* [Exercise data]:

+++++

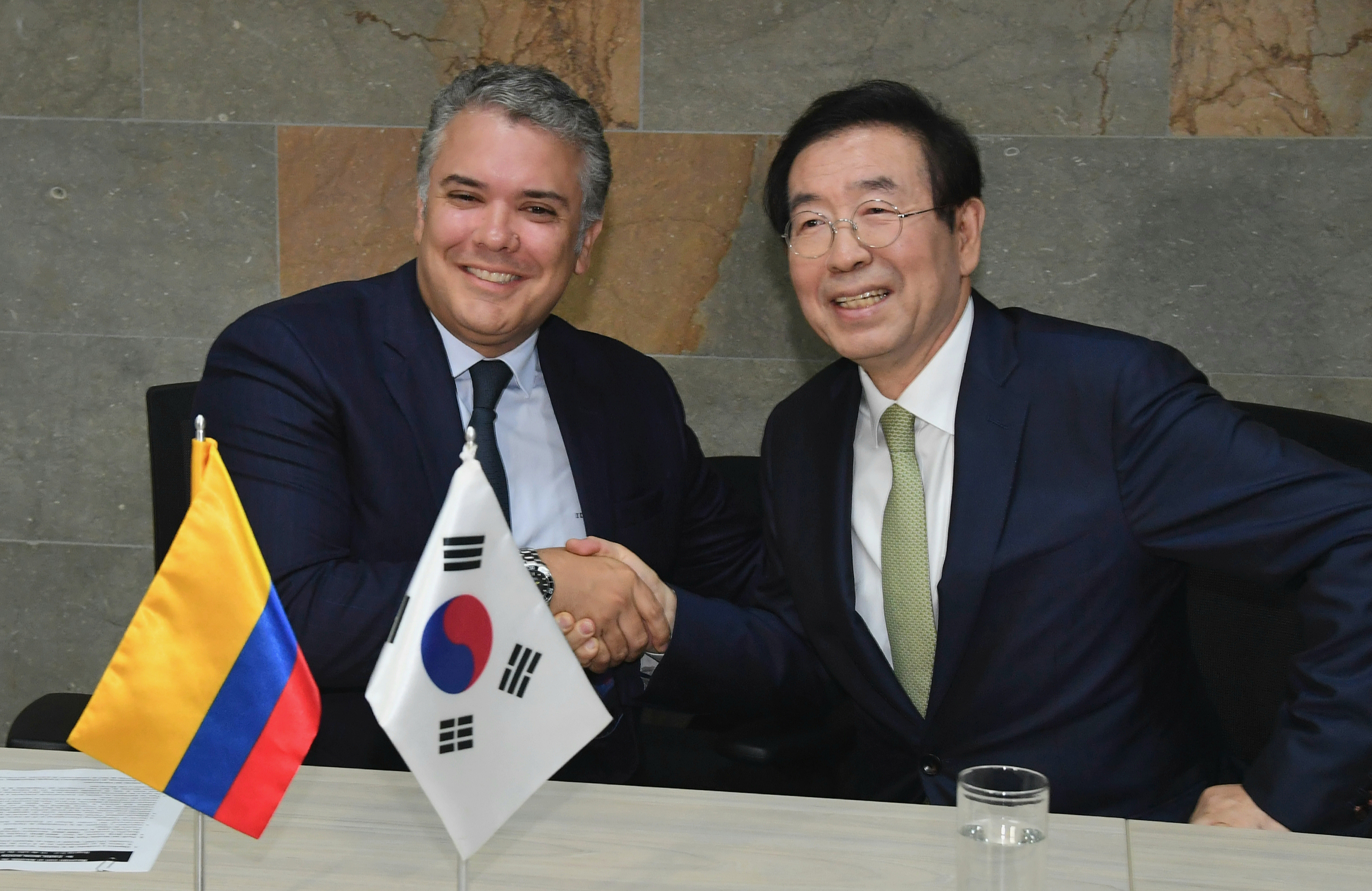 마침 7월 12일 중남미 순방 중인 박원순 서울시장이 메데진 플라자메이어에서 페데리코 구티에레즈(Federico Gutiérrez) 메데진 시장과 만나 '서울-메데진 간 우호협력 결연에 대한 양해각서'를 체결해 메데진은 서울시의 우호도시가 되었다.
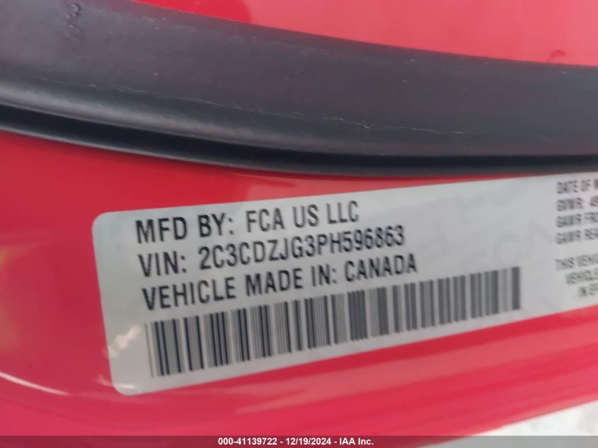 Color OrangeCylinders 6Drive Rear wheel driveVIN 2C3CDZJG3PH******State Run & Drive VerifiedDamage Front or back AutoRIA
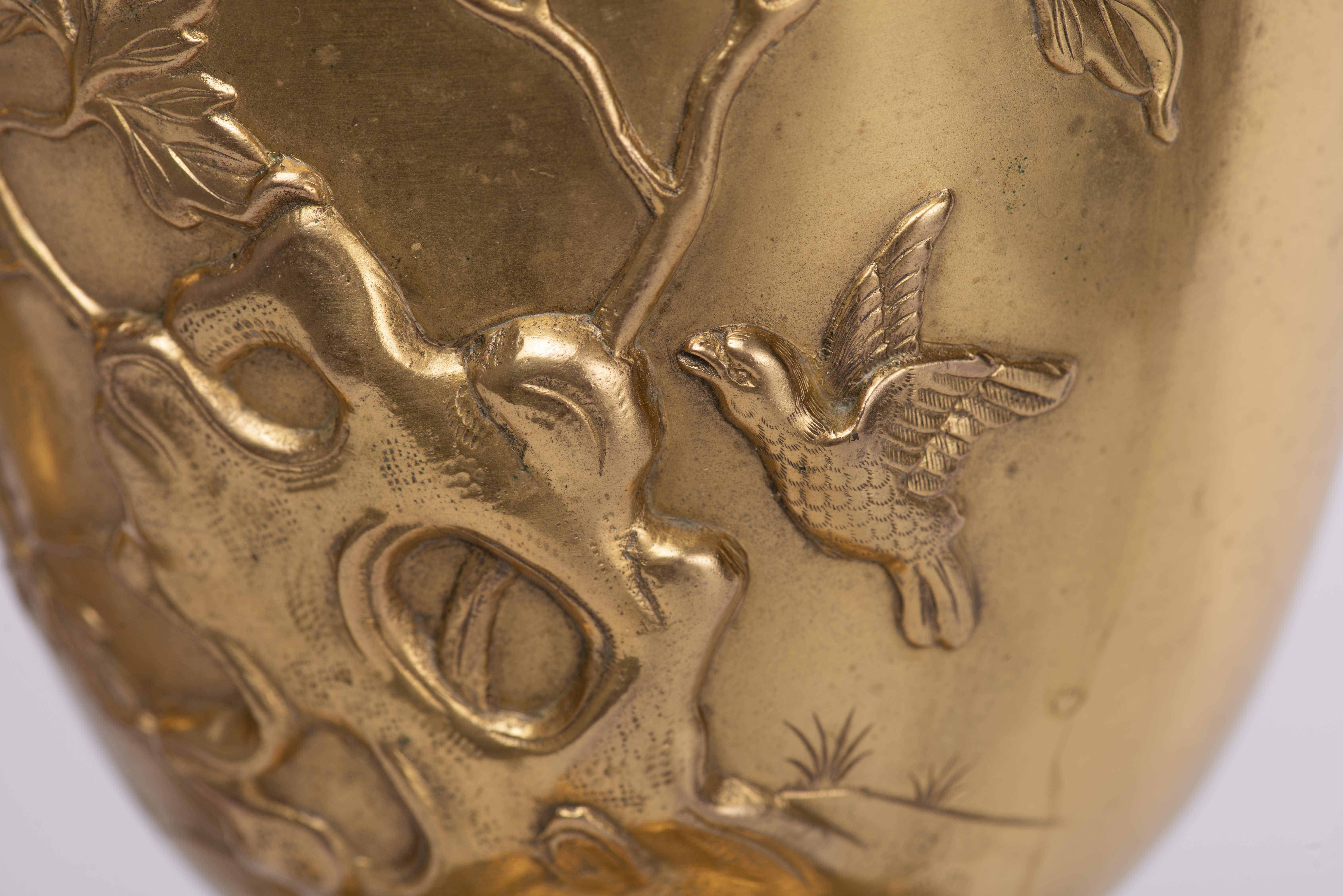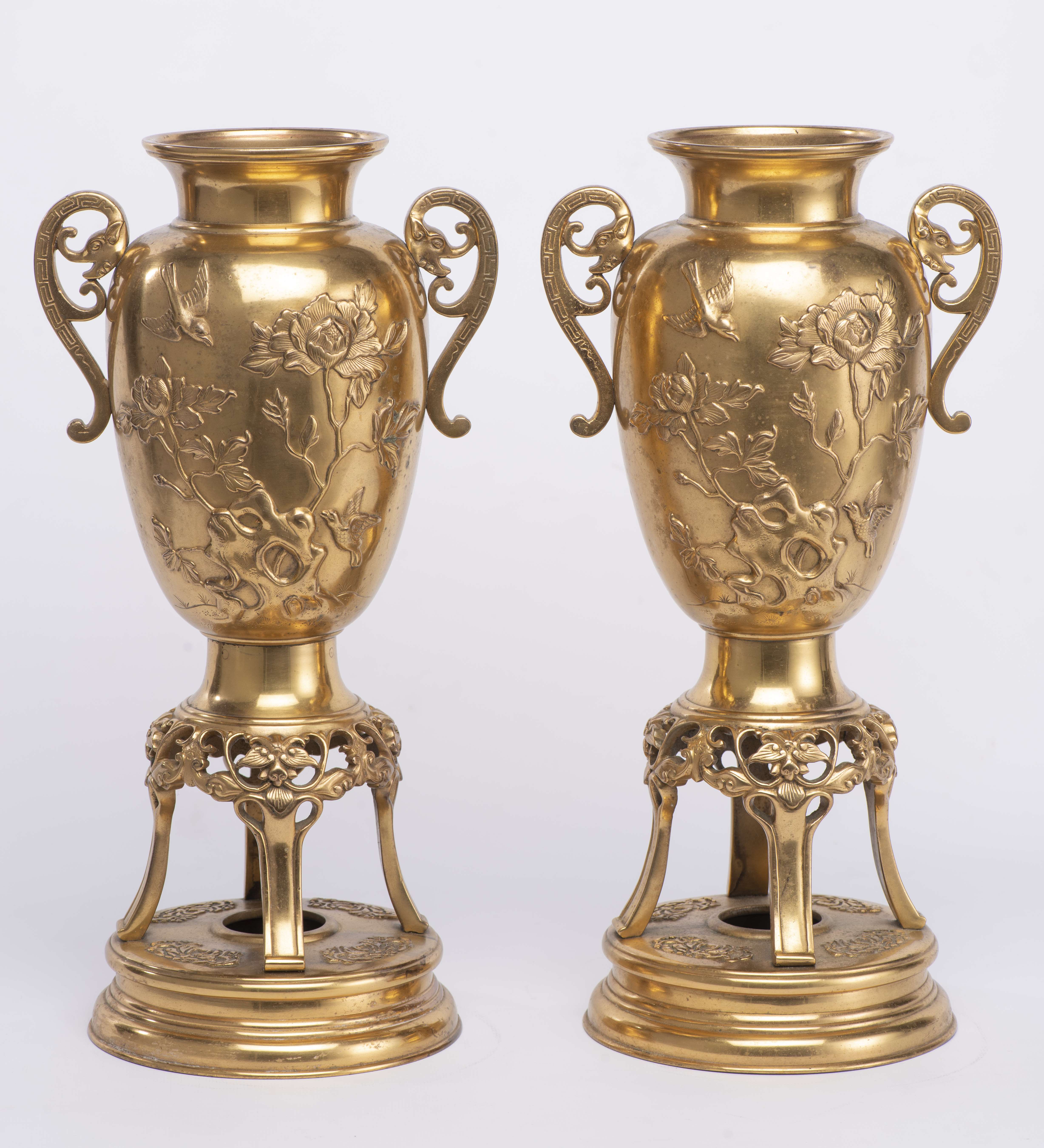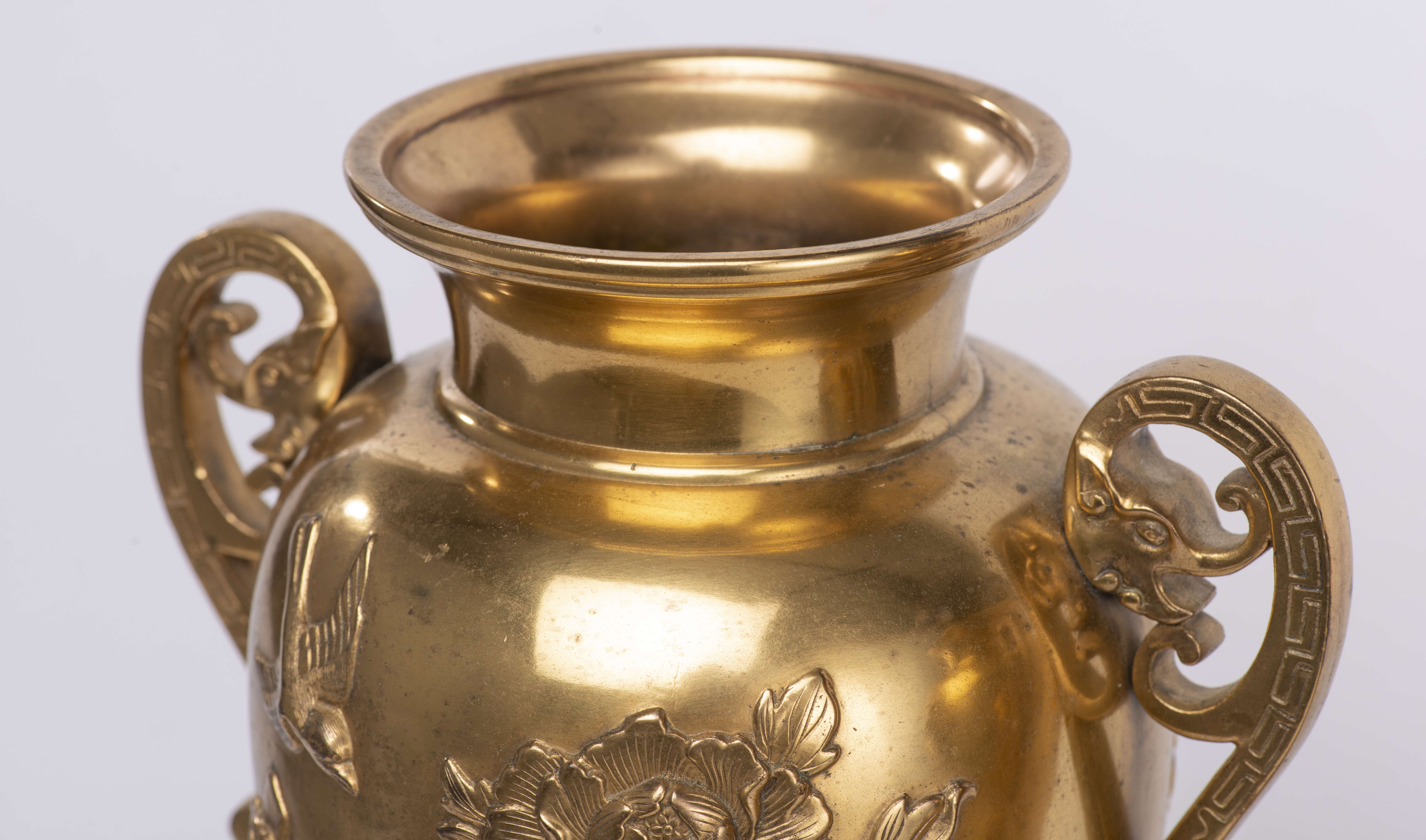 Paire de vases en bronze de Chine à patine dorée et décor en léger relief d'oiseaux et chrysanthèmes et rochers du Taihu. Deux anses en forme de Chilong.

+++++

* [Task statement]: Repeat nothing but the lines from the one containing "Color OrangeCylinders 6Drive" through the last line of the listing, both included, exactly as written, and omit any picture.

* [Solution to the problem]:
 Color OrangeCylinders 6Drive Rear wheel driveVIN 2C3CDZJG3PH******State Run & Drive VerifiedDamage Front or back AutoRIA
 Paire de vases en bronze de Chine à patine dorée et décor en léger relief d'oiseaux et chrysanthèmes et rochers du Taihu. Deux anses en forme de Chilong.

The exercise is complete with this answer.